- Date: 1–7 August 2022
- Edition: 2nd
- Category: ITF Women's World Tennis Tour
- Prize money: $60,000
- Surface: Clay / Outdoor
- Location: San Bartolomé de Tirajana, Spain

Champions

Singles
- Arantxa Rus

Doubles
- Jéssica Bouzas Maneiro / Leyre Romero Gormaz
- ← 2021 · ITF World Tennis Tour Gran Canaria · 2023 →

= 2022 ITF World Tennis Tour Gran Canaria =

Tennis tournament

The 2022 ITF World Tennis Tour Gran Canaria was a professional tennis tournament played on outdoor clay courts.
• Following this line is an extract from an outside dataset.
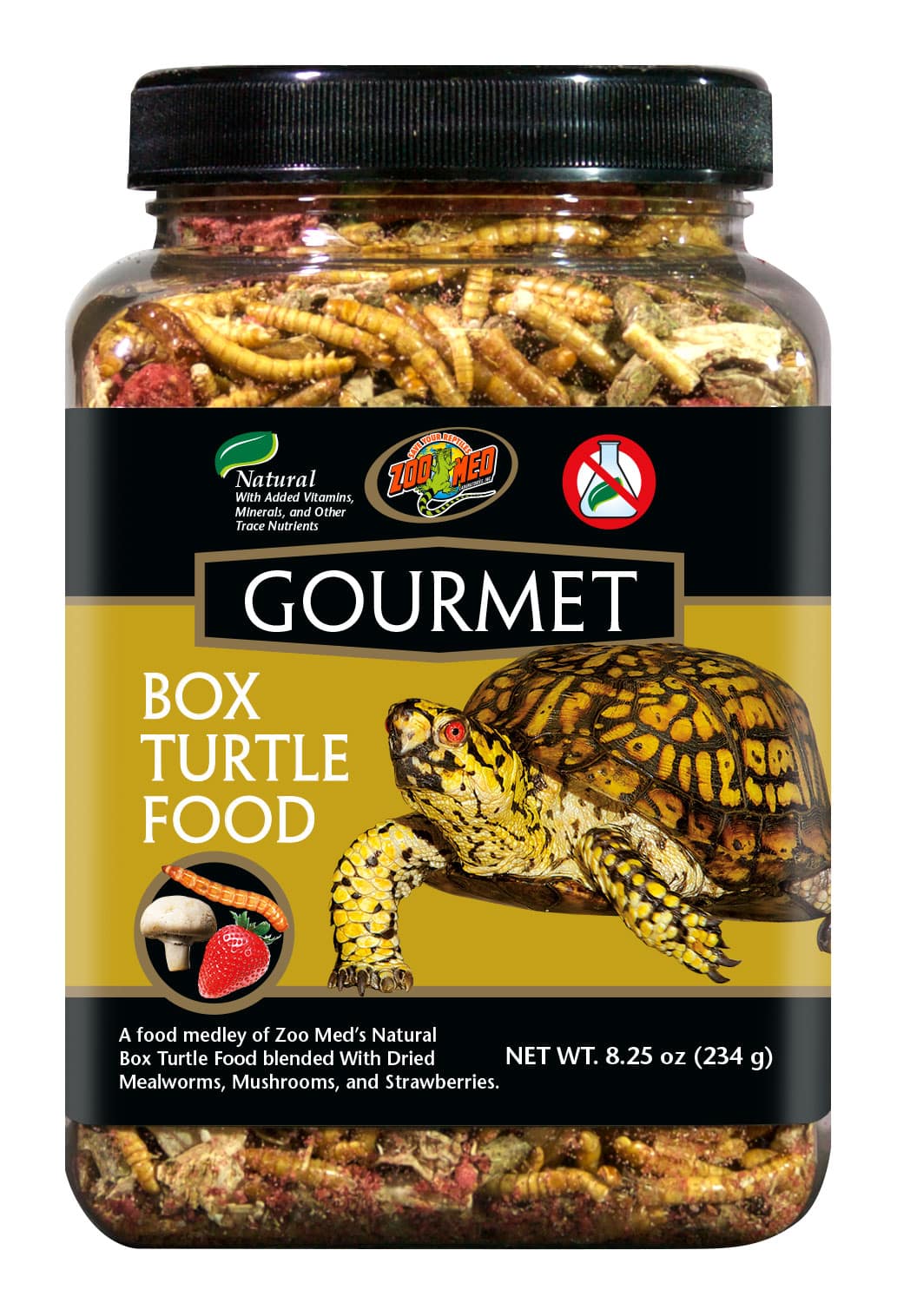Moisten food with water and allow it to sit for 3-5 minutes in order for strawberries and mushrooms to become saturated and create a flavorful mash that Box Turtles love. To help Box Turtles acclimate to new food, mix the moistened Gourmet Box Turtle Food with your Box Turtleās current diet and slowly reduce the amount of the current diet until the food is switched completely over. Offer food on a free choice basis and replace food daily. Natural Gourmet Box Turtle Food may be mixed with fresh greens, fruits, and vegetables for additional variety. Always provide clean drinking water treated with Zoo Medās ReptiSafe⢠water conditioner.

It was the second edition of the tournament which was part of the 2022 ITF Women's World Tennis Tour. It took place in San Bartolomé de Tirajana, Spain between 1 and 7 August 2022.

==Champions==

===Singles===

- NED Arantxa Rus def. Polina Kudermetova, 6–3, 3–6, 6–1

===Doubles===

- ESP Jéssica Bouzas Maneiro / ESP Leyre Romero Gormaz def. ESP Lucía Cortez Llorca / ESP Rosa Vicens Mas, 1–6, 7–5, [10–6]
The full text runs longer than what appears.